EU: Google shopping search reforms working
EU Commissioner Vestager gave qualified approval to Google's changes.
Despite ongoing complaints from Google’s European shopping rivals, the European Commission chief said the changes Google has made appear to be working. European Competition Commissioner Margrethe Vestager is quoted by Reuters explaining that rivals now have greater visibility in search results and there are more clicks being driven to their sites.
While Vestager cautioned that “It’s still too early to draw conclusions,” she observed:
We know from our monitoring there’s been a steady increase in the numbers over the last few months.

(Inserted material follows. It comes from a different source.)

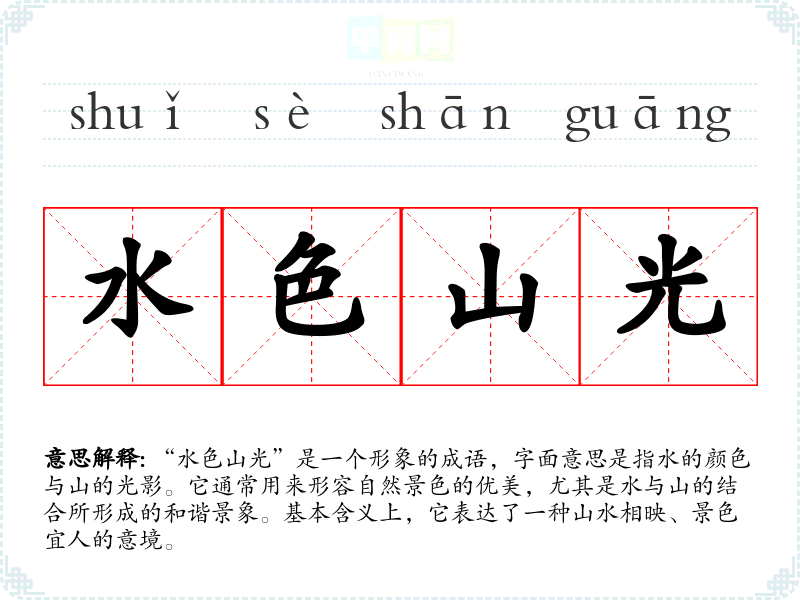 “水色山光”是一个形象的成语,字面意思是指水的颜色与山的光影。它通常用来形容自然景色的优美,尤其是水与山的结合所形成的和谐景象。基本含义上,它表达了一种山水相映、景色宜人的意境。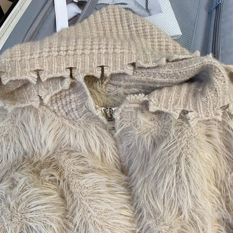 Cárdigan de mujer Suéteres de cachemira de visón Prendas de punto Suéter con capucha Abertura con cremallera. Ligeramente elástico

The most recent figures show at least one rival appears in about one-third of new shopping boxes as compared to 15 percent of the shopping boxes back in March . . . Similarly the share of clicks of products of rivals in Google shopping boxes also increased from 2.5 percent in February to 6.1 percent now.
The Google Shopping changes came in the wake of a record €2.4 billion ($2.8 billion) penalty, which Google is appealing. Google has also suggested in the past that the performance of its shopping search rivals is partly a product of poor user experiences on some of those sites.
Commissioner Vestager’s remarks to the European Parliament were a rare statement of support for the search engine. She has been persistently critical of Google and its market position since taking office. However, because of Danish internal politics, she may not be reappointed to a second term in 2019. A new Competition chief could change the dynamics of antitrust enforcement in Europe.
Google parent Alphabet faces two more potential antitrust penalties, surrounding Android and AdWords agreements. In addition, Yelp has asked for a new formal Statement of Objections (antitrust charges) against the company in local search. That complaint follows the logic of the earlier shopping search complaint that led to the penalty and remedial measures.
Notwithstanding the qualified support from Vestager, a June 6 report in Financial Times (paywall), says that the European Commission is ready to impose a second major antitrust fine over Android and the issue of OEM requirements that Google apps be pre-installed for those using the Google Play store.